> [INFORMATION SUPPLIED]
========================================

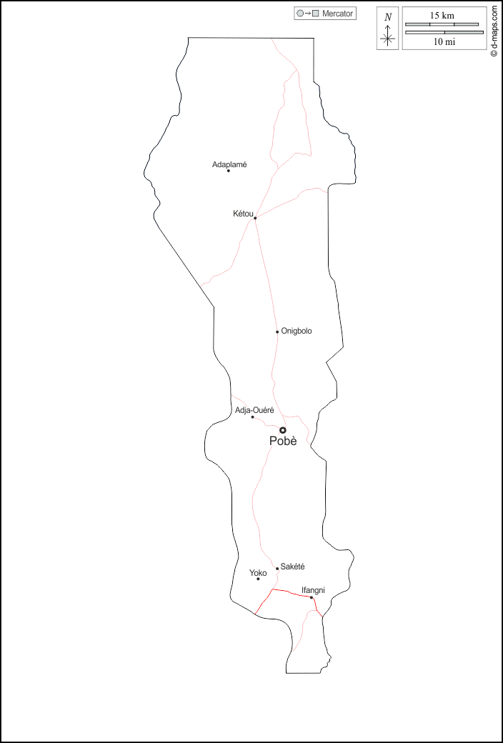 d-maps > أفريقيا > بنين > مقاطعة بلاتو > الخطوط العريضة, هيدروغرافيا, المدن الرئيسية, الطرق, أسماء, أبيض
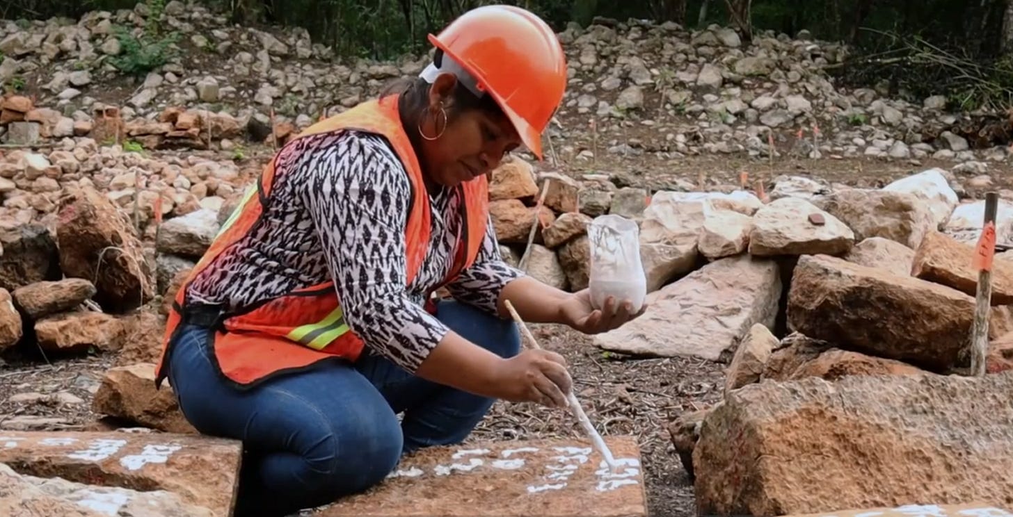 ◽️ Mujeres mayas habitantes de Yucatán contribuyen en las labores arqueológicas del INAH en Uxmal. La participación comunitaria ha mejorado su economía familiar y ha cambiado la percepción de los pobladores indígenas de la zona respecto del complejo. Angélica Collí Abnal, de San Simón, explica: “Es nuestro patrimonio, también de nuestros hijos; hay que cuidarlo.”
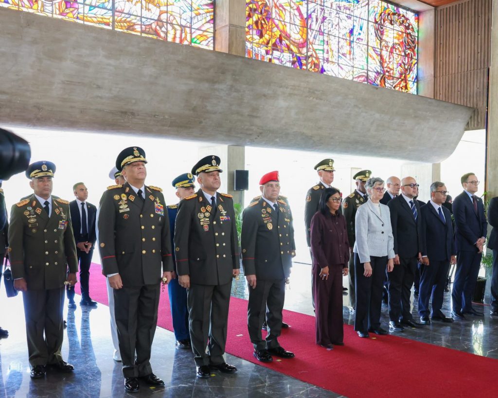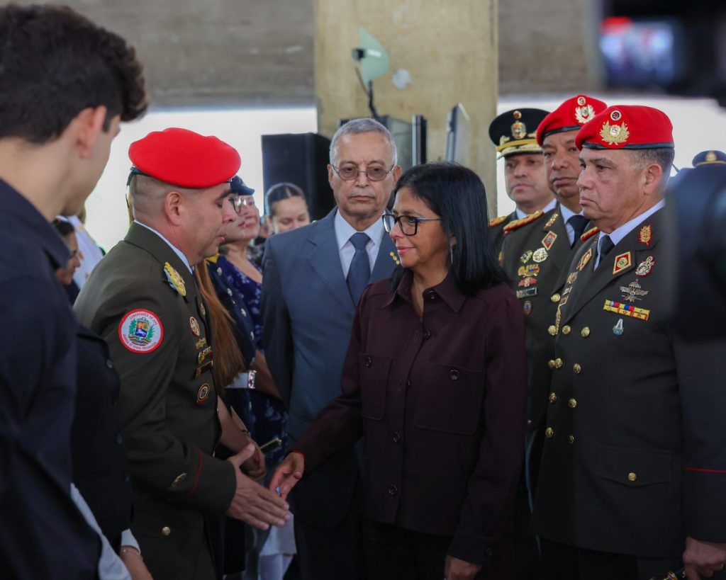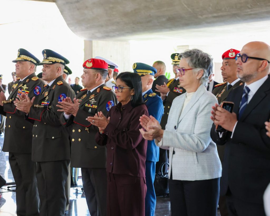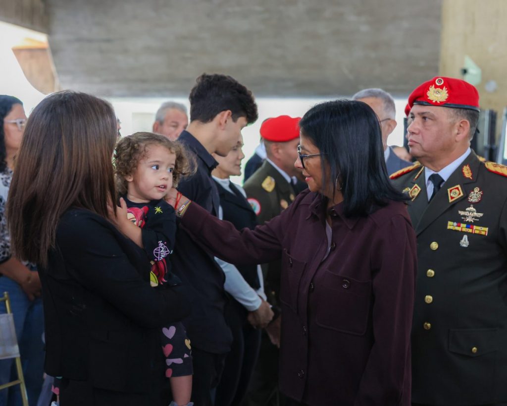 Caracas, 22 de abril de 2026.- La presidenta (E) de Venezuela, Delcy Rodríguez, acompañó este miércoles en Fuerte Tiuna la Capilla Ardiente en honor al Cnel. Helmer David Prato Veloz, quien fue ascendido post mortem al grado de General de Brigada. Durante el acto solemne, el Estado venezolano rindió tributo a la trayectoria del oficial, quien se desempeñó como director del Centro de Adiestramiento de la Fuerza Armada Nacional Bolivariana (FANB), siendo pieza clave en la formación y profesionalización de los componentes militares.
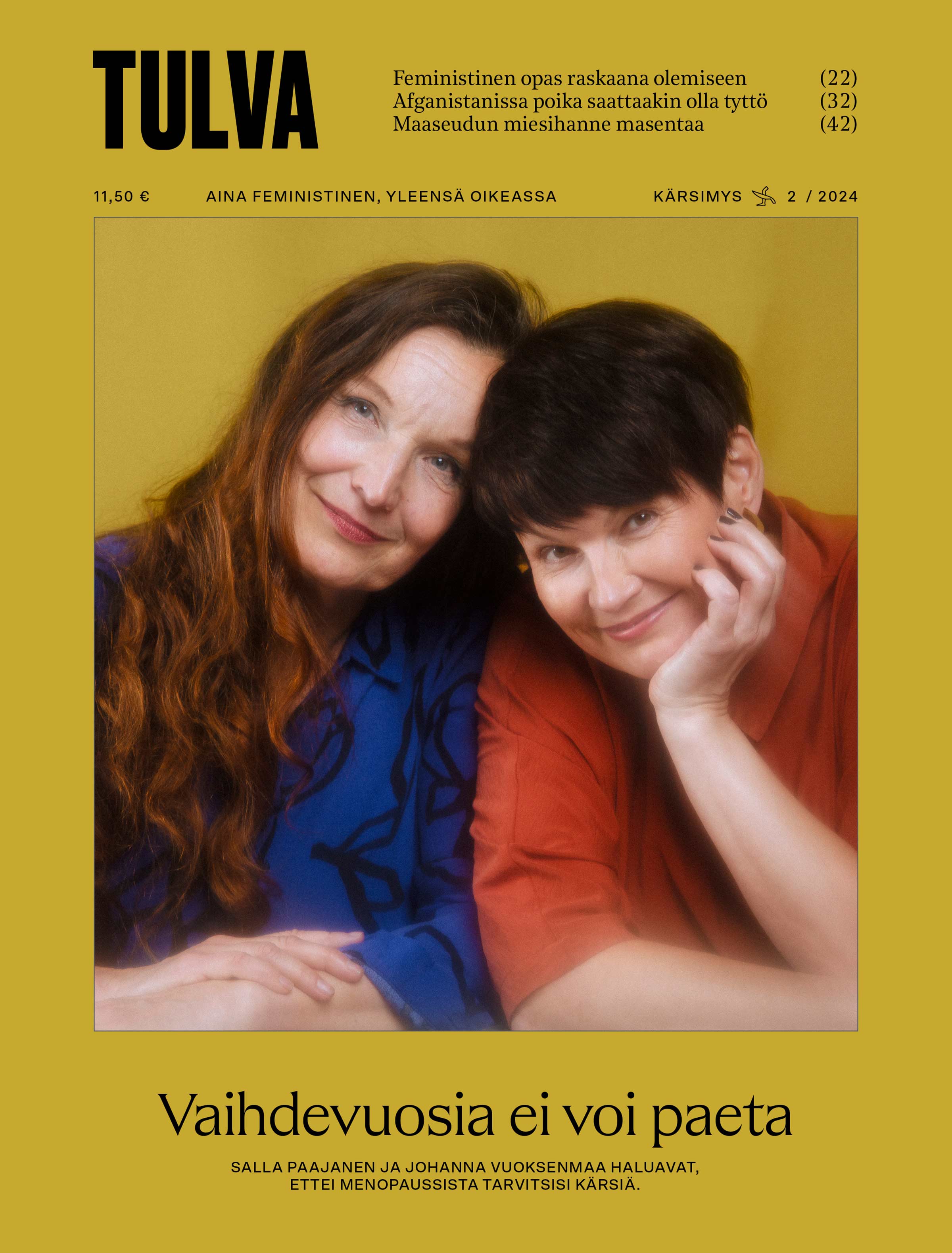 Koko Suomen odotetuimman feministisen aikakauslehden toinen numero on täällä! Tässä Tulvan numerossa sukellamme syvälle kärsimykseen. Kansijutussa Salla Paajanen ja Johanna Vuoksenmaa kertovat vaihdevuosista ja rikkovat tabuja aiheen ympärillä. Lisäksi numerossa pureskellaan niin raiskausta, politiikkaa kuin sukupuoliroolejakin.
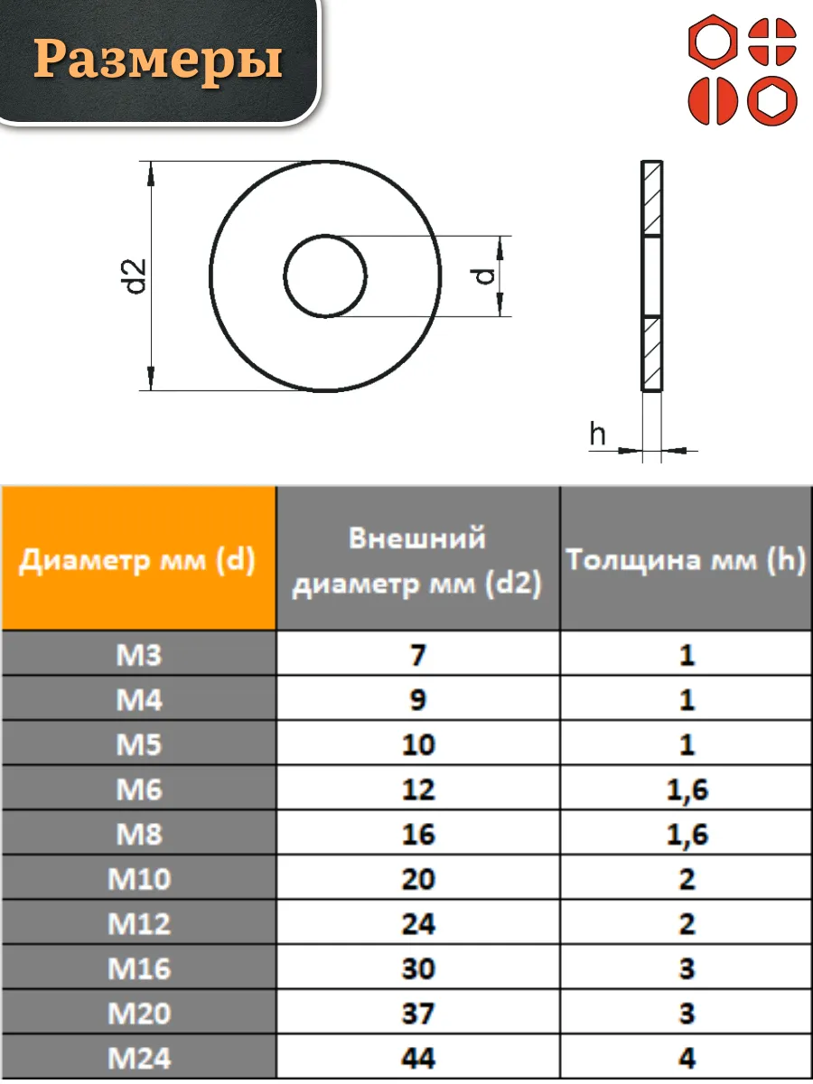 | Шайба полиамидная М24 DIN125 (пластик), 10 шт. | 2000000616643ф10 | 1 шт. |
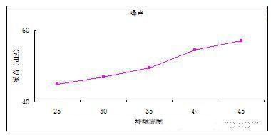 音頻噪聲污染主要控制方法是選用低噪音換熱單元,同時機柜采用消音措施。研究表明,換熱單元調(diào)速可有效的降低機柜噪音。圖5是某型戶外產(chǎn)品噪音水平與環(huán)境溫度關(guān)系曲線,從曲線可看出,采用調(diào)速后,隨著環(huán)境溫度減小,戶外柜噪音明顯降低。由于夜晚時環(huán)境溫度變低,因此采用該項技術(shù)的設備晚間有更低的噪音水平,非常符合實際應用環(huán)境的需要。
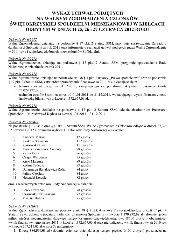 WYKAZ UCHWAŁ PODJĘTYCH NA WALNYM ZGROMADZENIA CZŁONKÓW ŚWIĘTOKRZYSKIEJ SPÓŁDZIELNI MIESZKANIOWEJ W KIELCACH ODBYTYM W DNIACH 25, 26 i 27 CZERWCA 2012 ROKU Uchwała Nr 6/2012 Walne Zgromadzenie, działając na podstawie § 17 pkt. 2 Statutu ŚSM, przyjmuje sprawozdanie Zarządu z działalności Spółdzielni za rok 2011 oraz informacje o realizacji uchwał podjętych przez Walne Zgromadzenie w 2011 roku i wniosków złożonych przez członków Spółdzielni. Uchwała Nr 7/2012 Walne Zgromadzenie, działając na podstawie § 17 pkt. 2 Statutu ŚSM, przyjmuje sprawozdanie Rady Nadzorczej z działalności za rok 2011. Uchwała Nr 8/2012 Walne Zgromadzenie, działając na podstawie art. 38 § 1 pkt. 2 ustawy ,,Prawo spółdzielcze” oraz na podstawie § 17 pkt. 2 Statutu ŚSM, zatwierdza sprawozdanie finansowe za 2011 rok, składające się z: bilansu sporządzonego na 31.12.2011, zamykającego się po stronie aktywów i pasywów kwotą 75.029.172,36 zł, rachunku zysków i strat za okres od 01.01.2011 do 31.12.2011, wykazującego wynik finansowy netto (nadwyżkę bilansową) w kwocie 1.372.677,06 zł. Uchwała Nr 9/2012 Walne Zgromadzenie, działając na podstawie § 17 pkt. 2 Statutu ŚSM, udziela absolutorium Prezesowi Spółdzielni - Mirosławowi Kędzia za okres 01.01.2011 – 31.12.2011. Uchwała Nr 10/2012 Na podstawie § 13 ust. 6 oraz § 40 ust. 1 Statutu ŚSM, Walne Zgromadzenie Członków odbyte w dniach 25, 26 i 27 czerwca 2012 r. dokonało wyboru 11 członków Rady Nadzorczej w składzie: 1. 2. 3. 4. 5. 6. 7. 8. 9. 10. 11. Kundera Marian Kaśków Stanisław Kozłowska Ewa Jóźwik Franciszek Andrzej Kania Lidia Czajor Waldemar Kisio Mateusz Kołsut Tadeusz Dziarmaga Banakiewicz Zofia Fąfara Czesław Nowacki Leszek 123 głosy 112 głosów 111 głosów 98 głosów 96 głosów 95 głosów 89 głosów 87 głosów 84 głosy 84 głosy 82 głosy oraz 3 rezerwowych członków Rady Nadzorczej w składzie: 1. 2. 3. Serek Szczepan Czarnoskutow Grażyna Masiarz Halina 78 głosów 77 głosów 75 głosów Uchwała Nr 11/2012 Walne Zgromadzenie, działając na podstawie art. 38 § 1 pkt. 4 ustawy Prawo spółdzielcze oraz § 17 pkt. 4 Statutu ŚSM, dokonuje podziału nadwyżki bilansowej Spółdzielni w kwocie 1.579.892,08 zł (słownie: jeden milion pięćset siedemdziesiąt dziewięć tysięcy osiemset dziewięćdziesiąt dwa 8/100 złotych) obejmującej wynik finansowy netto za rok 2011 w kwocie 1.372.677,06 zł oraz nierozliczony wynik finansowy za 2010 rok w kwocie 207.215,02 zł w sposób następujący: 1. Kwotę 880.500,01 zł (słownie: osiemset osiemdziesiąt tysięcy pięćset 1/100 złotych) przeznacza na 1 2. 3. 4. 5. dofinansowanie kosztów eksploatacji części wspólnych oraz funduszu remontowego nieruchomości mieszkaniowych, w zakresie obciążającym członków, proporcjonalnie do powierzchni użytkowej ich lokali mieszkalnych. Kwotę 3.203,64 zł (słownie: trzy tysiące dwieście trzy 64/100 złotych) przeznacza na dofinansowanie kosztów związanych z eksploatacją i utrzymaniem garaży w zakresie obciążającym członków proporcjonalnie do powierzchni użytkowej garaży. Kwotę 379.599,70 zł (słownie: trzysta siedemdziesiąt dziewięć tysięcy pięćset dziewięćdziesiąt dziewięć 70/100 złotych) przeznacza na dofinansowanie kosztów związanych z eksploatacją i utrzymaniem mienia Spółdzielni przeznaczonego do wspólnego użytkowania w zakresie obciążającym członków, proporcjonalnie do powierzchni ich lokali mieszkalnych i garaży. Kwotę 316.588,73 zł (słownie: trzysta szesnaście tysięcy pięćset osiemdziesiąt osiem 73/100) pozostawia się jako nierozliczony wynik finansowy. Nadwyżkę bilansową przypadającą poszczególnym nieruchomościom mieszkaniowym ustala się według stanu powierzchni użytkowej lokali członków na dzień 31.12.2011. Uchwała Nr 12/3/2012 Walne Zgromadzenie Członków ŚSM, działając na podstawie § 17 pkt. 8 Statutu, po rozpatrzeniu odwołania i dodatkowych wyjaśnień, uchyla uchwałę Rady Nadzorczej Nr 139 z dnia 25.10.2010, w sprawie niewyrażenia zgody na przyjęcie w poczet członków ŚSM P. Łyżwy Pawła zam. Kielce, ul. Klonowa 48/49. Uchwała Nr 12/12/2012 Walne Zgromadzenie Członków ŚSM, działając na podstawie § 17 pkt. 8 Statutu, po rozpatrzeniu odwołania i dodatkowych wyjaśnień, uchyla uchwałę Rady Nadzorczej Nr 140 z dnia 27.04.2012 w sprawie wykreślenia z członkostwa w ŚSM P. Iwony Głębowskiej zam. Kielce ul. Orkana 36/13. Uchwała Nr 13/2012 I. Walne Zgromadzenie Członków ŚSM, działając na podstawie § 17 pkt. 9 Statutu, zmienia następujące zapisy w Statucie ŚSM w Kielcach: 1. § 16 otrzymuje brzmienie: „Walne Zgromadzenie Członków ŚSM zwoływane jest w jednej części.” 2. W § 19 ust. 1 wykreśla się słowa „części” oraz „ pierwszej części”. 3. W § 19 ust. 2 wykreśla się słowo „część”. 4. § 19 ust. 3 otrzymuje brzmienie: „Walne Zgromadzenie jest ważne niezależnie od liczby obecnych na nim członków.” 5. § 19 ust. 4 otrzymuje brzmienie: „Uchwałę uważa się za podjętą, jeżeli za uchwałą opowiedziała się wymagana w ustawie lub statucie większość członków biorących udział w głosowaniu.” 6. W § 19 ust. 5 skreśla się słowa: „(jego wszystkich części)” oraz „pierwszej części”. 7. W § 19 ust. 6 skreśla się słowa „pierwszej części”. 8. W § 19 ust. 7 skreśla się słowa „pierwszej części”. 9. W § 20 ust. 1 skreśla się słowa: „części” praz „pierwszej części”. 10. § 20 ust. 2 otrzymuje brzmienie: „Zarząd o potrzebie zgłaszania kandydatów do Rady Nadzorczej Spółdzielni lub delegatów na zjazd Związku Rewizyjnego, w którym Spółdzielnia jest zrzeszona, informuje członków na 30 dni przed datą Walnego Zgromadzenia.” 11. § 20 ust. 3 skreśla się słowa „każdej części”. 12. § 21 ust. 1 skreśla się słowo „Części”. 13. W § 22 ust. 1 skreśla s
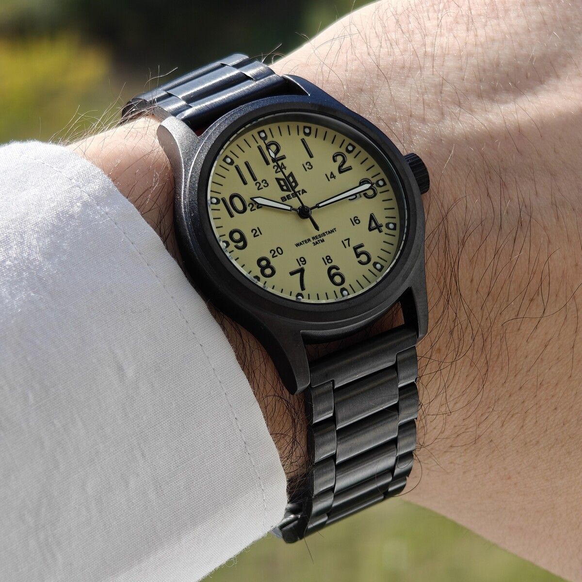 Besta Command – командирские часы разработанные фирмой Besta.Besta – это украинский бренд качественных часов. Каждая модель предназначена для тех, кто ценит качество, инновационный дизайн и функциональность. • Бренд: Украинский бренд с собственными запатентованными дизайнами. • Механизм: надежный механизм обеспечивает точный ход. • Гарантия: 12 месяцев гарантии подтверждают качество часов. • Прочность: Выдерживает высокие нагрузки и экстремальные условия.Сзади выполнена изящная гравировка Тризуба и надпись Героям Слава!Примечание: Ремешок, который изображен на главном фото, является дополнительным и вкладывается в посылку отдельно.
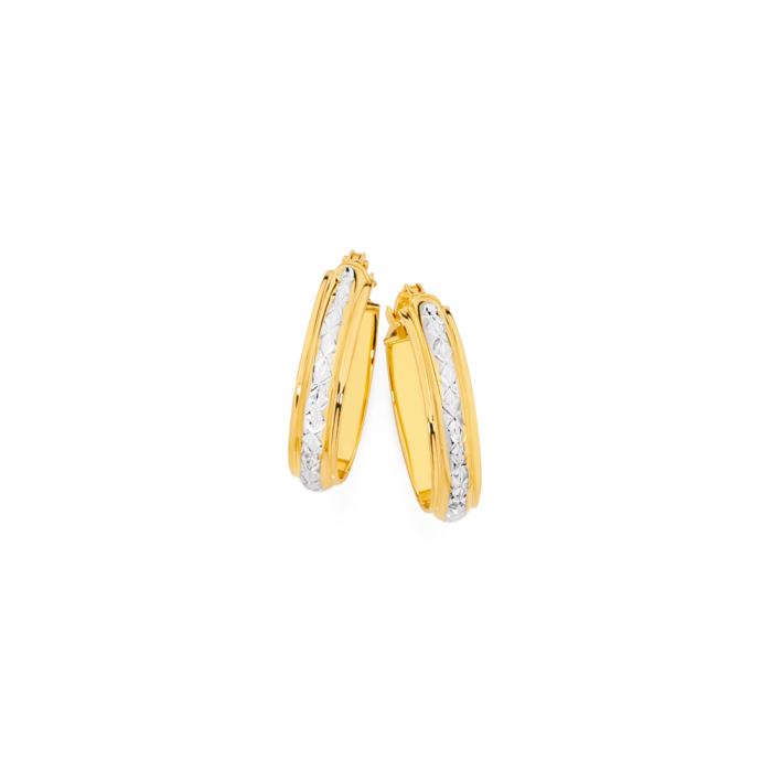 9ct Gold Two Tone 12mm Diamond-Cut Centre Oval Hoop Earrings. Approximate Dimension - 12x18mm Inner Diameter.
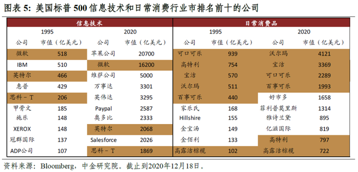 柯达和诺基亚两大巨头的倒掉,体现了一种“创新悖论”。因为创新具有供给创造需求的“萨伊定律”特征,即企业面对的需求是自身创新能力的函数,如果企业不创新,需求将萎缩、市场地位将瓦解,如果持续创新,市场地位也可能被自己的创新所颠覆。这种内在不稳定性,在两类行业的对比中体现的更为明显。以美国标普500为例,似乎在研发投入占比越高的行业,企业市值排序的稳定性越差(图表3、4、5)。1995年日常消费品市值排序前十的企业,有六家仍位列2020年的市值排序前十;但在信息技术行业,1995年市值排序前十的企业,只有三家在2020年仍跻身市值排序前十之列。这意味着,对于供给创造需求的行业而言,企业市场领先地位的稳定性显著低于需求决定供给的行业。
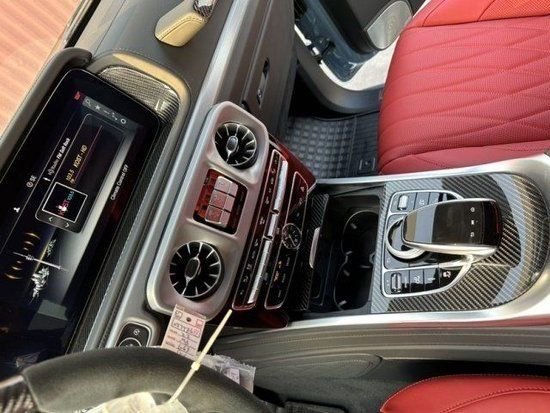 23款奔驰G63档次、质感和科技配置都明显提升奔驰G级 (配置|询价)(配置|询价)的内饰相比老款有了明显的提升,采用了奔驰最新的双屏幕式设计,全液晶仪表盘和中控台屏幕都达到12.3英寸,同时内饰质感和工艺都有了很大的进步。中控涡扇式空调出风口也颇具设计感,车内的高档皮革内饰以及标有V12钻石图案设计的座椅、车门面板和脚垫,无不彰显着车主的尊贵身份。

========================================

> [WHAT YOU ARE ASKED TO DO] Please return, exactly as written, the lines from the first line of the records above through the line containing "音頻噪聲污染主要控制方法是選", both included, leaving out any pictures.

> [EXERCISE ANSWER]
 d-maps > أفريقيا > بنين > مقاطعة بلاتو > الخطوط العريضة, هيدروغرافيا, المدن الرئيسية, الطرق, أسماء, أبيض
 ◽️ Mujeres mayas habitantes de Yucatán contribuyen en las labores arqueológicas del INAH en Uxmal. La participación comunitaria ha mejorado su economía familiar y ha cambiado la percepción de los pobladores indígenas de la zona respecto del complejo. Angélica Collí Abnal, de San Simón, explica: “Es nuestro patrimonio, también de nuestros hijos; hay que cuidarlo.”
 Caracas, 22 de abril de 2026.- La presidenta (E) de Venezuela, Delcy Rodríguez, acompañó este miércoles en Fuerte Tiuna la Capilla Ardiente en honor al Cnel. Helmer David Prato Veloz, quien fue ascendido post mortem al grado de General de Brigada. Durante el acto solemne, el Estado venezolano rindió tributo a la trayectoria del oficial, quien se desempeñó como director del Centro de Adiestramiento de la Fuerza Armada Nacional Bolivariana (FANB), siendo pieza clave en la formación y profesionalización de los componentes militares.
 Koko Suomen odotetuimman feministisen aikakauslehden toinen numero on täällä! Tässä Tulvan numerossa sukellamme syvälle kärsimykseen. Kansijutussa Salla Paajanen ja Johanna Vuoksenmaa kertovat vaihdevuosista ja rikkovat tabuja aiheen ympärillä. Lisäksi numerossa pureskellaan niin raiskausta, politiikkaa kuin sukupuoliroolejakin.
 | Шайба полиамидная М24 DIN125 (пластик), 10 шт. | 2000000616643ф10 | 1 шт. |
 音頻噪聲污染主要控制方法是選用低噪音換熱單元,同時機柜采用消音措施。研究表明,換熱單元調(diào)速可有效的降低機柜噪音。圖5是某型戶外產(chǎn)品噪音水平與環(huán)境溫度關(guān)系曲線,從曲線可看出,采用調(diào)速后,隨著環(huán)境溫度減小,戶外柜噪音明顯降低。由于夜晚時環(huán)境溫度變低,因此采用該項技術(shù)的設備晚間有更低的噪音水平,非常符合實際應用環(huán)境的需要。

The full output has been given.